オーケストラの演奏付きで映画を上映する、あるいは、映画付きのコンサートだ。1万円前後と、映画としてはチケット代が高いが、コンサートと考えれば、リーズナブルであろう。無声映画時代は、映画館に楽隊がいて、生で演奏していたというから、それがグレードアップされたとも言えなくもない。

日本映画では『砂の器』、ハリウッド映画では『スター・ウォーズ』などが人気がある。

ちょっと前までは、「映画音楽・名曲コンサート」があった。

オーケストラもベートーヴェンやモーツァルトだけではお客さんが来ないので、映画音楽のコンサートで集客をはかっていたのだ。

『太陽がいっぱい』『道』『ロミオとジュリエット』『ゴッドファーザー』のニーノ・ロータ、『スター・ウォーズ』やスピルバーグ映画のジョン・ウィリアムズが人気があった。かの世界有数のオーケストラであるウィーン・フィルハーモニー管弦楽団も、『スター・ウォーズ』の曲を演奏するコンサートをしていた。

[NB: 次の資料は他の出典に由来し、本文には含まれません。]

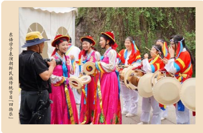
东语学子表演朝鲜民族传统节目(四物乐)

交流会,群策群力,共同提高育人水平。学院坚持以社会主义核心价值观为思想引领,以专业为导向,以实践为抓手,将德育教育、专业教育融入丰富多彩的校园文化活动。打造语言文化节、学风文化节等校园文化品牌,开展各语种配音比赛和各国人文历史知识竞赛、异域风情秀等活动,营造语言学习和文化体验的氛围。
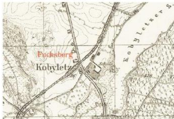
Ryc. 5. Kobylec w 1940 r.

Wieś posiadała na początku 2016 r. 722 mieszkańców ogółem. Oddalona jest od Wągrowca w odległości ok. 6,5 km (odległość drogowa).
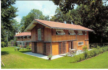
11:45 – 12.15 Dietramszell
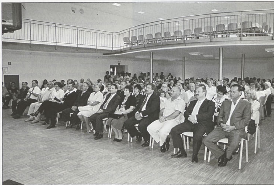
Župan v družbi gostov, sodelavcev in občanov na osrednji prireditvi ...
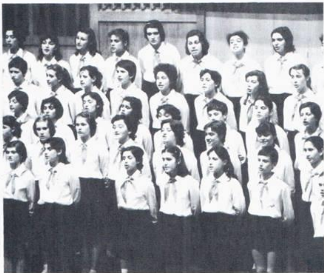
Дмитрий Кабалевский приветствует членов хора.
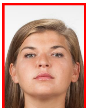
tzw. żabia perspektywa
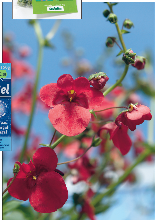
Harilikku kaksikkannuse ( Diastoma barberae ) tumeroosa sort 'Diastoma'.

TARGU TALITA ilmub koos Maalehega. Lehekülgede numeratsioon algab 4. jaanuarist 2008
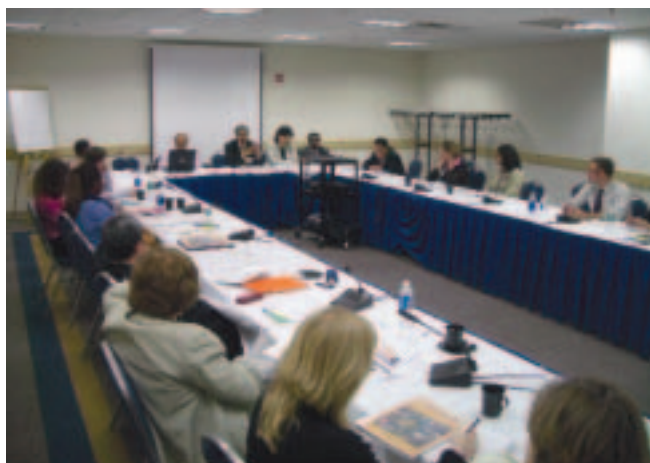
Sesión de trabajo en grupo sobre los documentos de estrategia de lucha contra la pobreza en el Foro sobre política global (abril de 2005, ciudad de Washington)

Durante el almuerzo que ofreció el segundo día, el presidente Wolfensohn reflexionó acerca de sus 10 años de mandato en el Banco. Señaló que, a pesar de las tensiones y las campañas en torno a determinadas cuestiones y proyectos, las relaciones entre la institución y las OSC no sólo habían crecido en forma exponencial, sino que también se habían forjado alianzas y programas comunes en esferas tales como educación, prevención del SIDA y protección ambiental. A continuación, algunos representantes de las OSC entregaron al Sr. Wolfensohn un comunicado en el que solicitaban reformas de políticas tanto específicas (tales como mayor participación de la sociedad civil, medidas más enérgicas para luchar contra la corrupción) como generales (por ejemplo, cancelación de la deuda, mayor asistencia para el desarrollo y un sistema comercial libre y justo). En el sitio del Banco referido a la sociedad civil se puede consultar el informe final sobre el foro, redactado por un consultor independiente, el documento del JFC, la respuesta del Banco al comunicado y otras informaciones ( www.worldbank.org/civilsociety ).
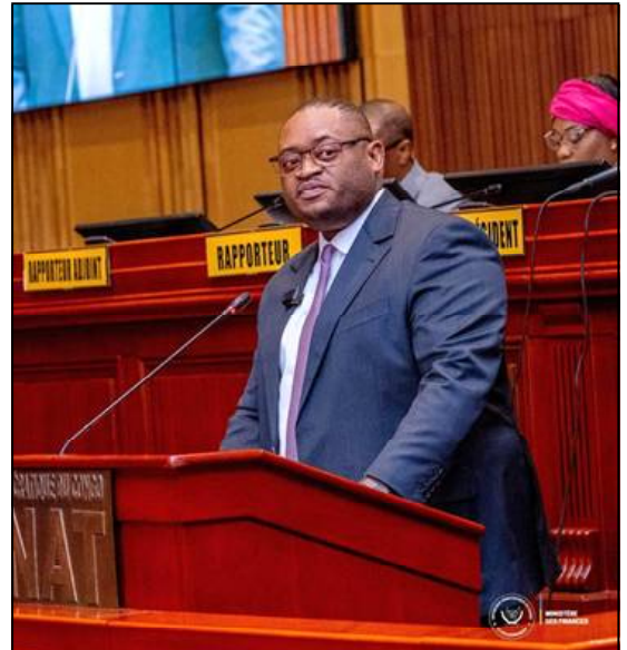
Le Sénateur Célestin Vunabandi.

que 40 % des recettes à caractère national allouées aux provinces soient retenues à la source.
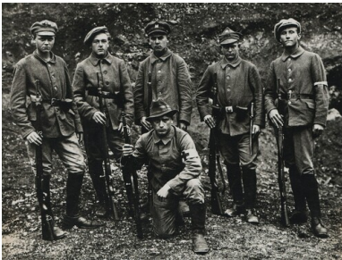
Grupa powstańców śląskich, 1921 r.

W momencie szczytowych sukcesów militarnych strony polskiej Korfanty zaczął, zgodnie z koncepcją „demonstracji zbrojnej”, dążyć do zakończenia powstania. Nawiązał z aliantami rozmowy w sprawie zawieszenia broni. Negocjacje prowadzone w Dąbrówce Małej z gen. Le Rondem doprowadziły do podpisania rozejmu 9 maja 1921 r. Wobec protestów rządu niemieckiego nie wszedł on jednak w życie. Rozejm przyniósł natomiast pewne rozprężenie w oddziałach insurekcyjnych i zahamowanie dalszej ofensywy. Powstańcy przystąpili do umacniania się na zajętych pozycjach, a wielu z nich wróciło do domów, sądząc, że zryw dobiegł końca. Z kolei strona niemiecka nie była jeszcze gotowa do podjęcia kontruderzenia. W związku z tym linia frontu uległa na pewien czas stabilizacji. Nie oznacza to, że walki całkowicie wygasły. Większe starcia miały miejsce pod Olesnem, Chudobą, Gorzowem Śląskim, Zakrzowem Turawskim, Zębownicami i Gogolinem. Tymczasem Niemcy przygotowywali się do kontrofensywy. 20 maja 1921 r. dowództwo nad całością oddziałów SSOS przejął gen. Karl Hoefler, który zreorganizował siły niemieckie w dwie grupy operacyjne: Grupę „Północ” i Grupę „Południe”. Następnego dnia Selbstschutz przystąpił do akcji w rejonie Góry św. Anny.
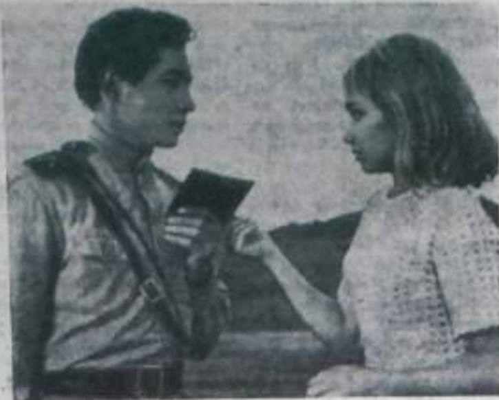
Кадр из нового художественного фильма «Зося»: Михаил (актер Юрий Каморный), Зося (польская актриса Пола Ранка). Фильм представлен на конкурс V международного кинофестиваля в Москве.

В создании этой картины, поставленной по одноимен-
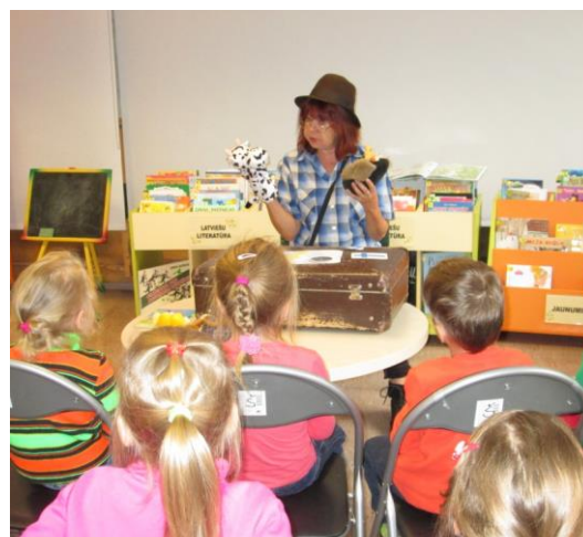
Foto: Ziemeļvalstu bibliotēku nedēļas pasākums Šampētera filiālbibliotēkā
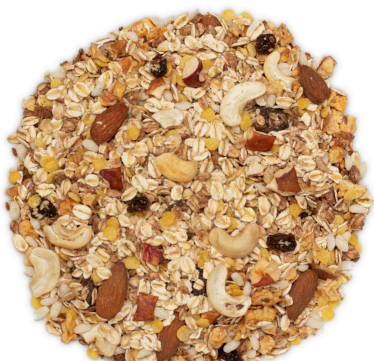
Sem glúten, sem açúcar
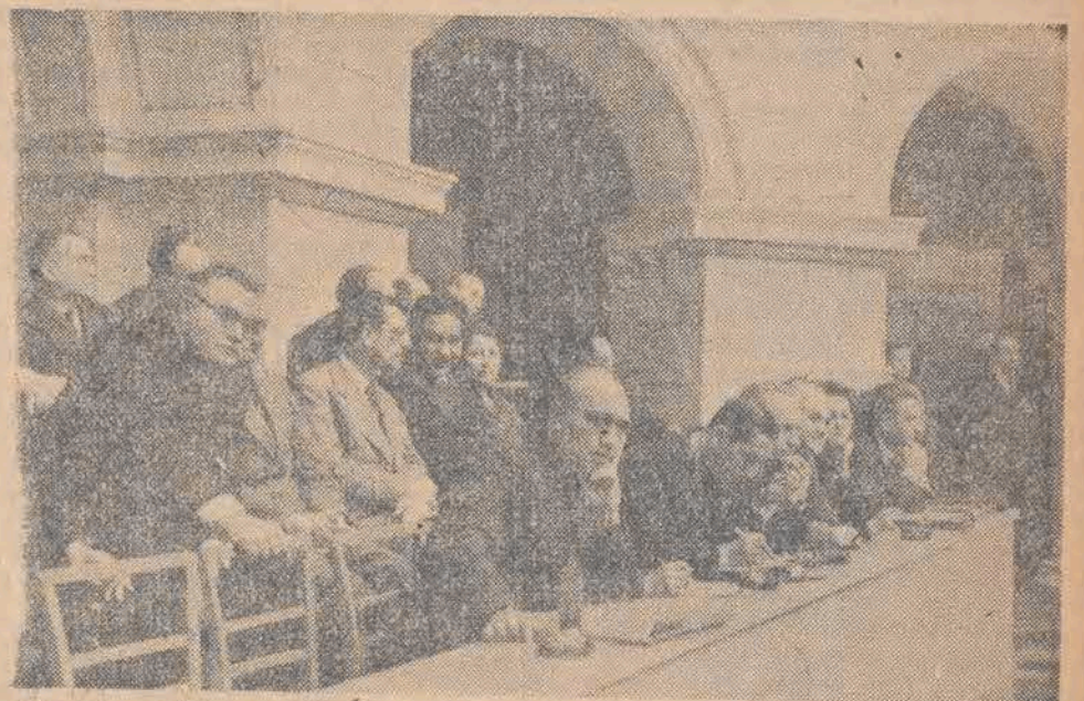
Delegaci partii komunistycznych i robotniczych z całego świata biorą udział w Kongresie w charakterze gości.
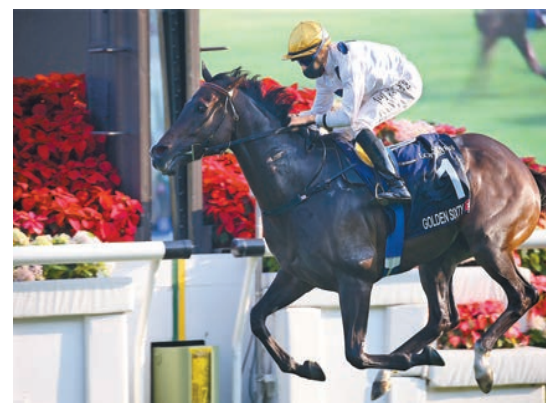
「金鎗六十」成功衛冕浪琴表香港一哩錦標。

資源支持產業化，也難以找到投資。他認為，雖然特區政府推出不少措施推動創科發展，但產業化資源不足的問題有待解決。【港創科 創科港】由本報和京港學術交流中心合作推出
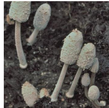
Driesporige inktzwam

Voor fanatieke paddenstoelenliefhebbers valt er in droge zomers soms weinig te beleven. Gelukkig kunnen we dan in een verloren hoekje nog altijd een klein paddenstoelentuintje aanleggen. Met een beetje mest van paarden of runderen is dat in een ogenblik gebeurd. Wil je daar meer over weten? Lees dan eens dit natuurbericht. Natuurbericht
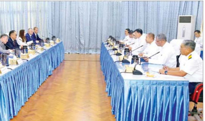
ရုရှားဖက်ဒရေးရှင်းနိုင်ငံ သံအမတ်ကြီးနှင့် တာဝန်ရှိသူများ တက်ရောက် ဝန်ကြီးများ၊ အမြဲတမ်းအတွင်းဝန်နှင့် ဌာနအကြီးအကဲများ၊ ရုရှား ကြသည်။ သတင်းစဉ်
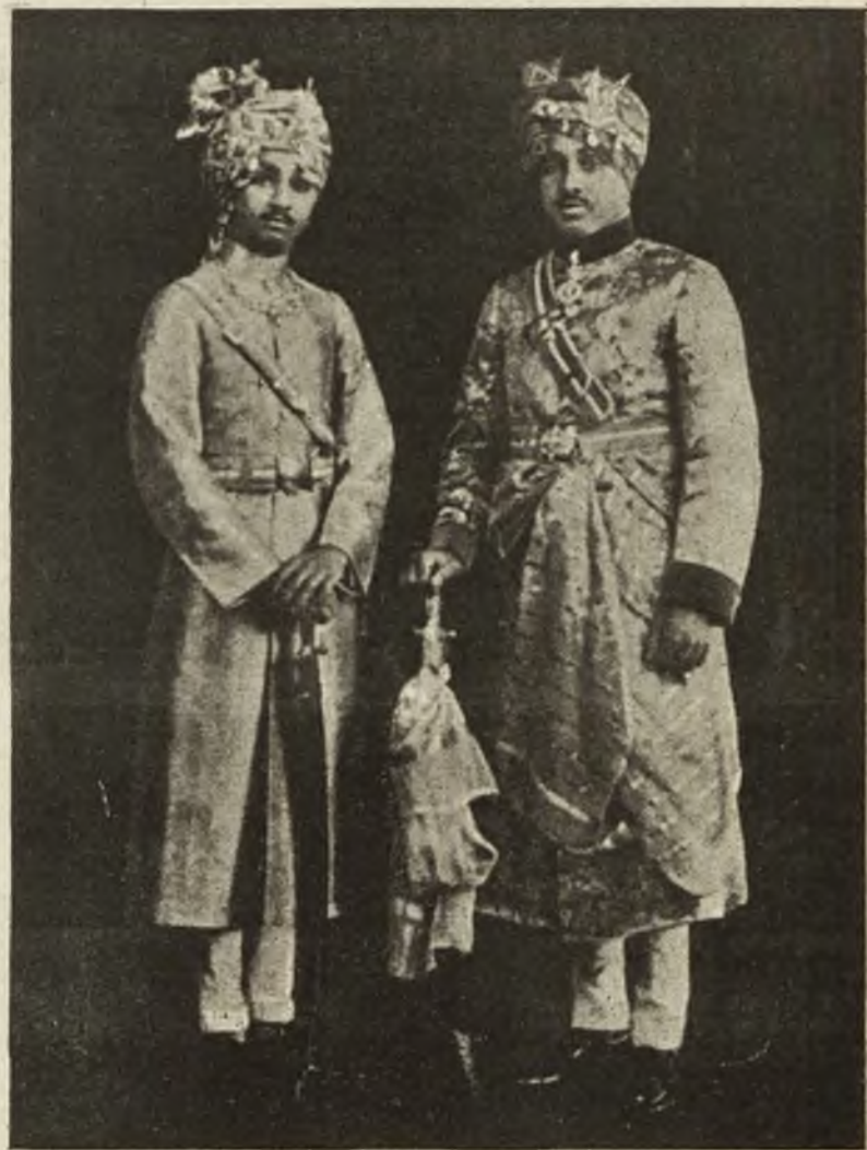
Najbogatszy książę indyjski, maharadża Jodpuru, przyjechał do Londynu.
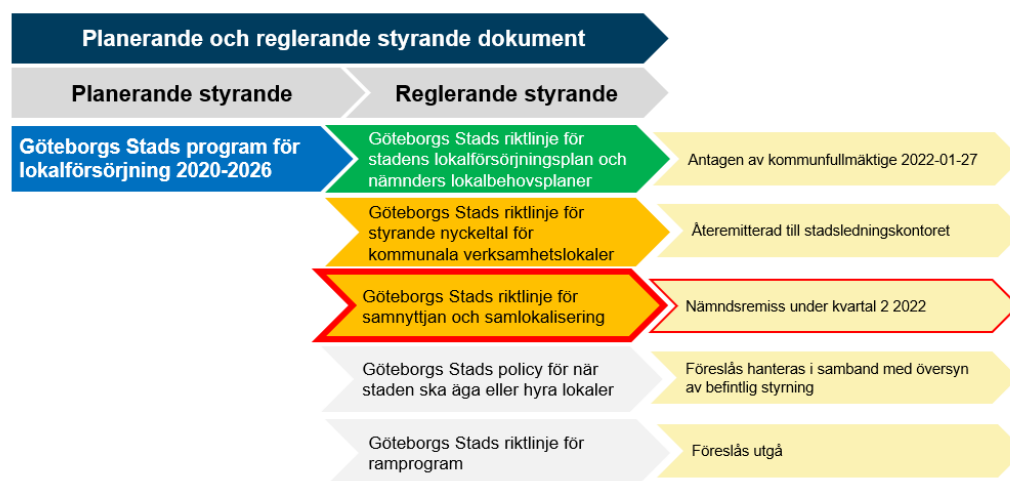
Figur 1: Göteborgs Stads program för lokalförsörjning 2020–2026

Kommunfullmäktige antog 2020-03-19 § 4, dnr 1006/18, Göteborgs Stads program för lokalförsörjning 2020–2026. Genom programmet har kommunfullmäktige beslutat att nya reglerande styrande dokument ska tas fram i syfte utveckla stadens lokalförsörjningsprocess:
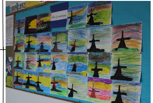
Groep 6/7 Van Gogh
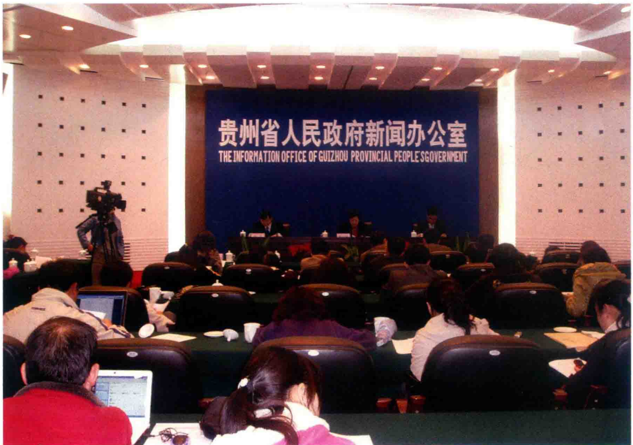
2009年，低保新闻发布会
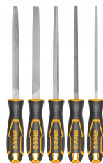
HCC0841016 Set limas de acero 5 piezas
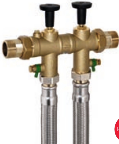
Монтажный комплект 1 1/4"
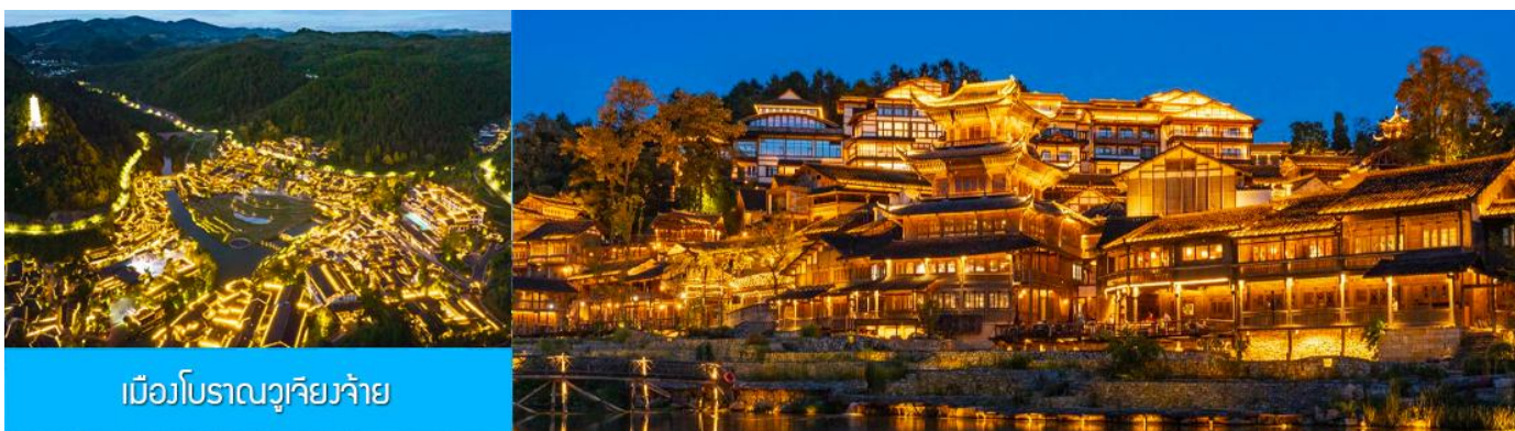
เมืองโบราณวูเจียงจ้าย

หลังอาหารนำท่านเที่ยวชม เมืองโบราณวูเจียงจ้าย 乌江寨景区 เป็นอุทยานท่องเที่ยวริมเมืองโบราณชนเผ่าเหมียว (ชนเผ่าม้ง) ที่ได้ชื่อว่ามีวิวกลางคืนที่สวยงามที่สุดของมณฑลกุ้ยโจว อุทยานนี้รวมไว้ซึ่งแหล่งท่องเที่ยว สถานที่ถ่ายทำภาพยนตร์ ร้านอาหาร รีสอร์ท ศูนย์ประชุม ด้วยทุนสร้างกว่าหมื่นล้านหยวน สัมผัสบ้านเรือนโบราณของชนเผ่าเหมียว ซึ่งเป็นชนกลุ่มหลักที่พำนักในพื้นที่มานาน ปัจจุบันชนเผ่าเหมียวยังคงรักษาไว้ซึ่งขนบธรรมเนียมและวิถีชีวิตแบบดั้งเดิม ชมการแสดงพื้นเมือง และการละเล่นพื้นเมืองของชนกลุ่มน้อยต่างๆ ในช่วงหัวค่ำบ้านทุกหลังในอุทยานจะประดับด้วยแสงไฟที่งดงาม และมีการแสดงต่าง ๆ อาทิ การบิน โดรน น้ำพุ และการยิงแสงเลเซอร์ ฯลฯ (ค่าทัวร์รวมค่ารถรับส่งภายในเขตอุทยาน ค่าทัวร์ไม่รวมค่านั่งเรือแจวในเขตอุทยาน)
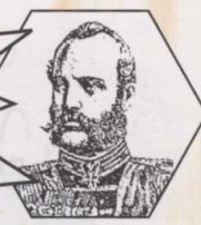
הצאר אלכסנדר ה-2

הצאר אלכסנדר ה-2 נרצח על ידי קבוצה מהפכנית "נרודניה ווליה". היהודים מואשמים ברצח. פרוצות פרעות בעיקר לאורך קווי מסילת הרכבת החדשה ברחבי רוסיה. הפרעות נערכות בעידוד השלטון הרוצה לעודד הגירת היהודים. הצאר אלכסנדר ה-3 מחוקק חוקי אפליה "חוקי מא".
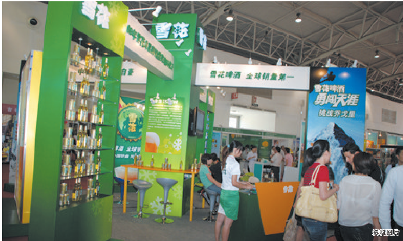
回收竞争对手的酒瓶、强行换走终端的啤酒,华润雪花啤酒日前因涉嫌不正当竞争被河北承德市工商局处以2万元罚款。随着各大啤

值得一提的是,尽管粮食连年增产,但与众多工业品的产能过剩相比,我国农产品供应却处于紧平衡状态,未来一段时间我国每年还将平均新增200亿斤粮食的刚性需求。这样的背景下,适度合理的农产品价格上涨,可能不仅仅出现在今年。而在经济学家看来,通胀预期并不是受短期价格涨跌影响,而是受居民对较长时期的物价走势判断的影响。(理 晓)

そういうコンサートでは、その映画の最も有名なテーマ曲が演奏されるのが大半だ。映画の冒頭、タイトルと主要キャストの名が出る部分での音楽である。

名曲コンサートでは、映像は流れないのが原則だ。舞台の後方にスクリーンがあり、名場面が映される程度だ。

そんな「映画音楽・名曲コンサート」とも、「シネマ・コンサート」とも違うコンサートが、11月30日土曜日、催された。題して、『小松左京音楽祭』(成城学園内の澤柳記念講堂ホールにて)である。

『小松左京音楽祭』パンフレット

音楽祭というと、地名か作曲家・演奏家などの名前を冠したものが大半で、小説家の名の音楽祭というのは珍しい。これは、小松左京の小説を原作とした映像作品の音楽のコンサートだった。

映画監督の樋口真嗣氏が中心となった実行委員会が作られ、クラウドファンディングで資金を集めて、開催されたものだ。

制作したのはスリーシェルズという会社で、ここは伊福部昭をはじめとした日本人作曲家の作品を演奏し、録音してCDにしている。その一連の企画のなかでの、小松左京原作の映像作品の音楽のコンサートだった。このコンサートも録音されていたので、近く、CDとしてリリースされるだろう。

演奏されたのは、『宇宙人ピピ』『エスパイ』『さよならジュピター』『日本沈没』で、『日本沈没』は、ラジオドラマ、映画(1973)、テレビドラマ。最初に小松が若い頃に書いた演劇の劇中歌として、自ら作詞作曲した曲も披露された。

映画音楽(テレビやラジオの音楽も含める)が、他の音楽と異なるのは、録音されること、1回しか演奏されない、の2点である。

映画の編集が終わり、セリフや効果音も入った最後の段階で、音楽は録音される。ミュージカルのように最初に音楽を録音するものもあるが、いずれにしろ、その映画のために1回演奏されれば、それで終わりだ。

そのあと、コンサートで演奏されることは「予定」されていないので、保存癖のある作曲家でもなければ、楽譜はそのまま散逸してしまう。

ハリウッド映画などは、権利がうるさいがゆえに管理もされているから、映画音家のスコアも残っているのかもしれないが、日本映画の場合、残っていることは少ない。

作曲家が存命であれば、コンサート用に編曲してくれと頼めるかもしれないが、そうでない場合も多いので、映画そのものから、専門家が音を楽譜に書き写していく作業が必要となる。ピアノ曲なら比較的簡単だろうが、オーケストラとなると、何種類もの楽器が同時に演奏しているので、ヴァイオリンはこの音、フルートはこれ、と聞き分ける能力も必要だ。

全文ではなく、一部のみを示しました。